In October 1899 receivers were appointed and it was at Greenwich in June 1902 that the bankruptcy sale was held.  Equipment from Lambeth was brought down to Greenwich and the site laid out for the sale. The sale catalogue makes for poignant reading. Here is all the machinery and equipment used by one of the leading engineering companies in the world.  The first item is for the original screw cutting and slide rest lathe and set of stock taps and dies made by Henry Maudslay himself in the early 19th century.  It is a piece of machinery which, it is said, changed the world.
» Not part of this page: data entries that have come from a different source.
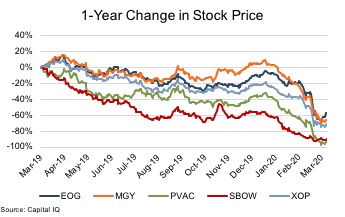 All Eagle Ford E&P operators analyzed have had year-over-year stock price declines.  EOG and Magnolia outperformed the broader E&P universe (XOP), though Penn Virginia and Silverbow are both down more than 90%.
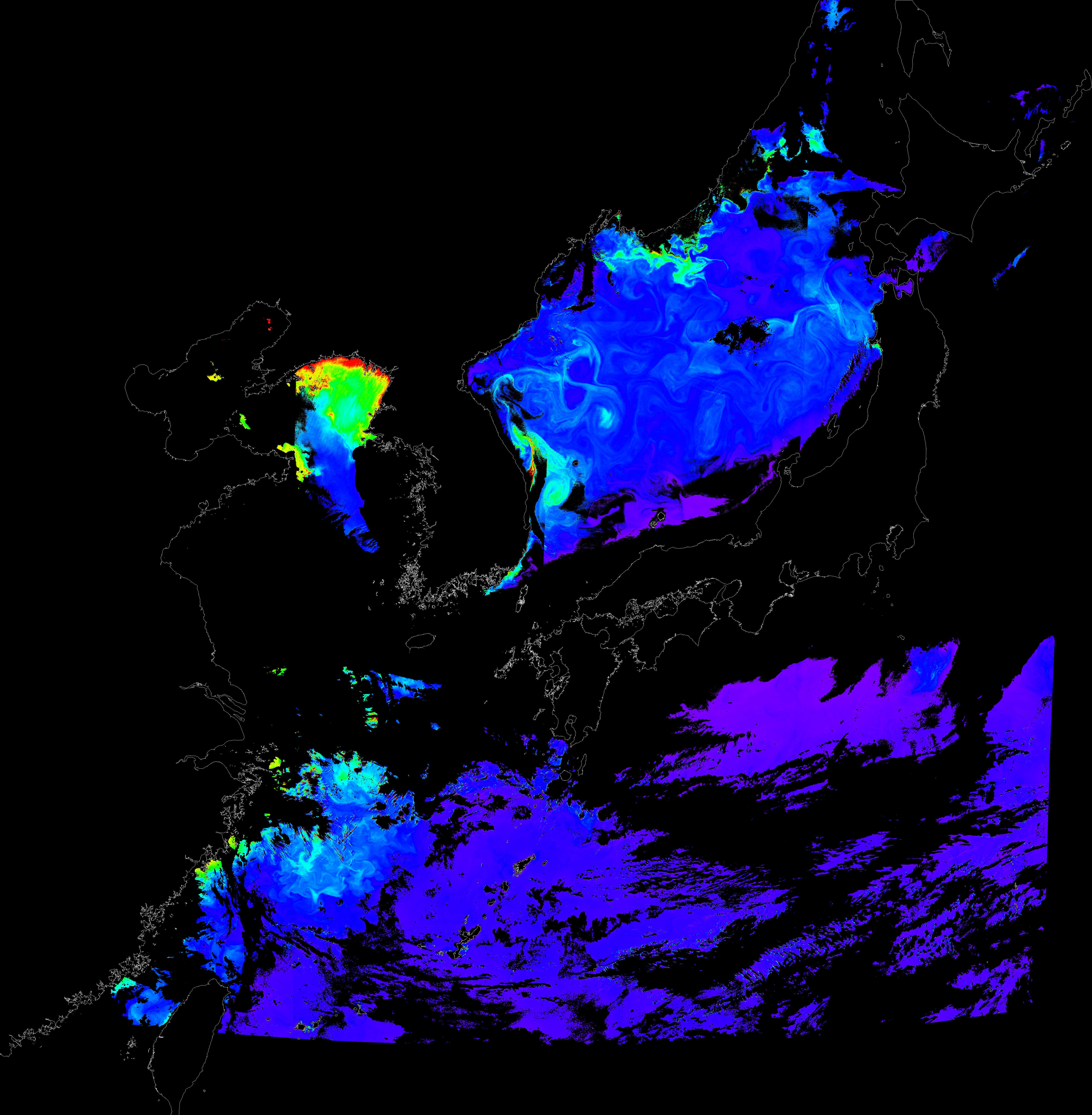 o 2017년 05월 01일 천리안 GOCI 클로로필 a 위성영상입니다.
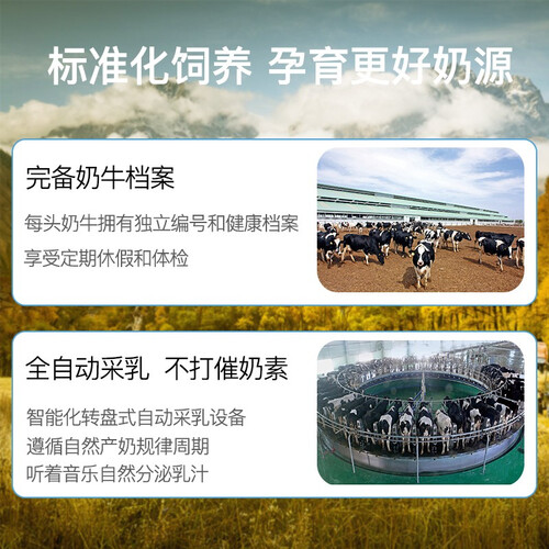 优选了自有牧场奶牛产奶,奶源品质天然。同时确保无防腐剂和无色素的添加,喝得安心,伴随孩子的健康成长。
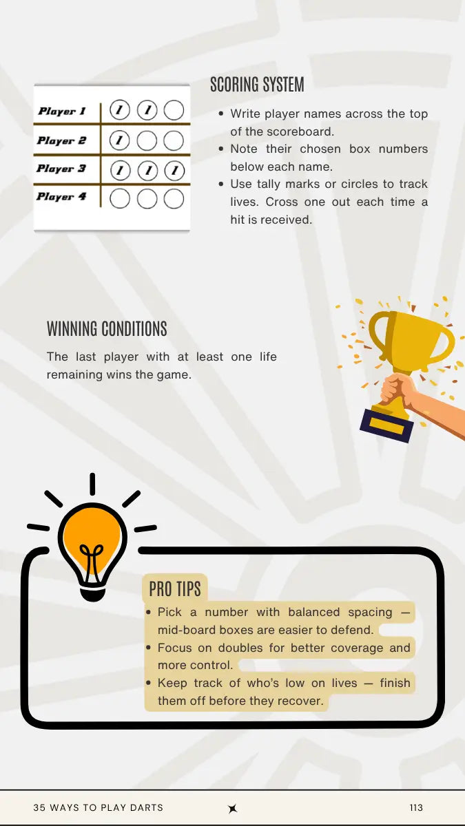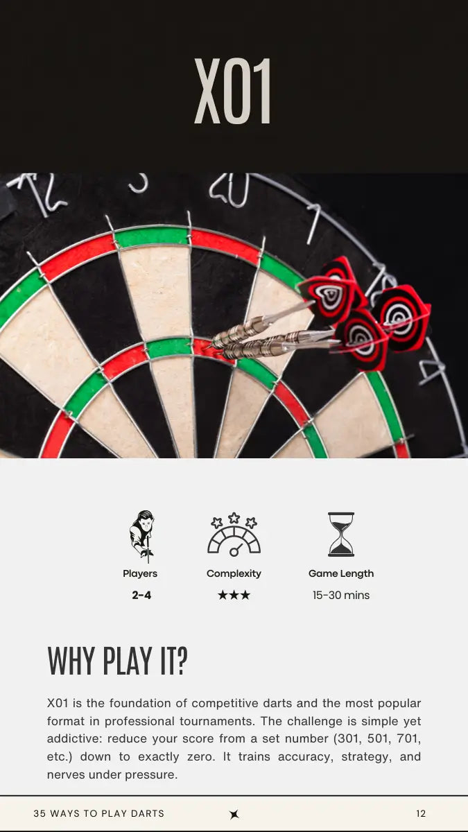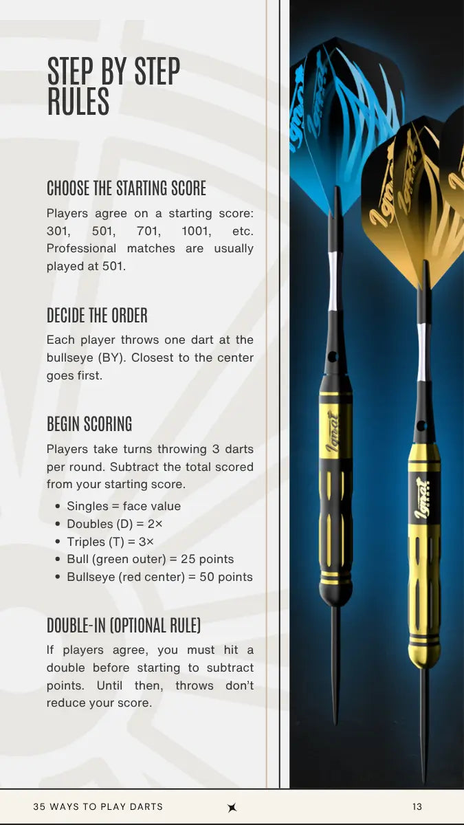 Get a sneak peek of what’s inside “35 Ways to Play”. From step-by-step rules and colorful illustrations to ready-to-use scoreboard templates—this eBook is packed with everything you need to start playing darts like a pro.
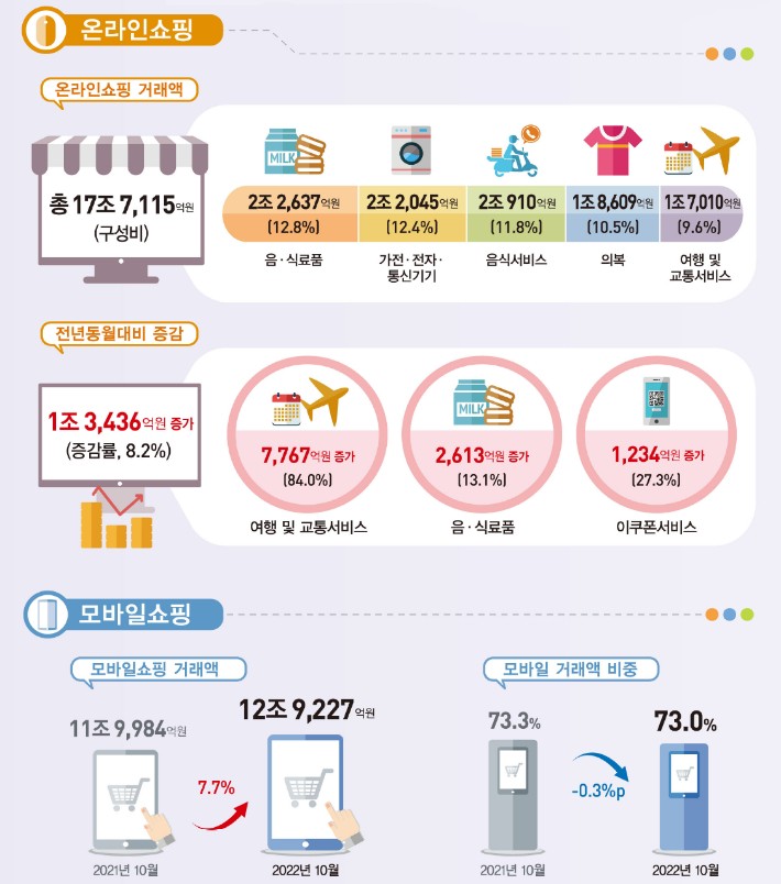 통계청이 최근 발표한 ‘2022년 10월 온라인쇼핑 동향’에 의하면 지난 10월 온라인쇼핑 거래액은 17조 7,115억 원으로 전년동월대비 8.2% 증가했으며, 온라인쇼핑 중 모바일쇼핑 거래액은 12조 9,227억 원으로 7.7% 증가한 것으로 집계됐다.
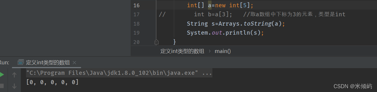 int[] a ?//定义一个元素类型是int的数组,名称是a

At the auction sale it was bought by the Science Museum and has been on display there ever since.  The Science Museum had in fact had first choice of everything that was there.

 

On the fourth day the auction turned to the offices with their lino, and the stools covered in ‘faulty American cloth’, to the square of blue Axminister carpet and a 'japanned tin purdonium'.  There were books ‘Bourne on the Screw Propeller’; coloured prints of the ‘Great Western Steamship’.  In addition, there were 14 photographs of machinery.  Where are those photographs now?  Second on the auction list, after Henry Maudslay’s own equipment, came ‘Camera with Wray Lens’ – which was what they considered their second most valuable piece of equipment.  Wray’s works still stands by the Ravensbourne in Ashgrove Road, Bellingham

 

A sad end to what had been a great company.

 

Many of the ships built by Maudslay Son and Field at Greenwich were identified by the late Hugh Lyon – to whom I am endlessly grateful.